We address the automatic segmentation of healthy and cancerous liver tissues (parenchyma, active and necrotic parts of hepatocellular carcinoma (HCC) tumor) on multiphase CT images using a deep learning approach.

Methods

We devise a cascaded convolutional neural network based on the U-Net architecture. Two strategies for dealing with multiphase information are compared: Single-phase images are concatenated in a multi-dimensional features map on the input layer, or output maps are computed independently for each phase before being merged to produce the final segmentation. Each network of the cascade is specialized in the segmentation of a specific tissue. The performances of these networks taken separately and of the cascaded architecture are assessed on both single-phase and on multiphase images.

Results

In terms of Dice coefficients, the proposed method is on par with a state-of-the-art method designed for automatic MR image segmentation and outperforms previously used technique for interactive CT image segmentation.
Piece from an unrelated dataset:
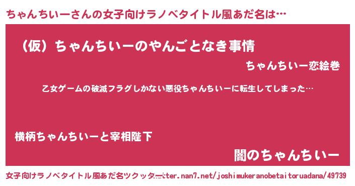 | 男性向けラノベタイトル風あだ名 | 『魔弾の王とちゃんちいー』 |

We validate the hypothesis that several cascaded specialized networks have a higher prediction accuracy than a single network addressing all tasks simultaneously. Although the portal venous phase alone seems to provide sufficient contrast for discriminating tumors from healthy parenchyma, the multiphase information brings significant improvement for the segmentation of cancerous tissues (active versus necrotic part).

Conclusion

The proposed cascaded multiphase architecture showed promising performances for the automatic segmentation of liver tissues, allowing to reliably estimate the necrosis rate, a valuable imaging biomarker of the clinical outcome.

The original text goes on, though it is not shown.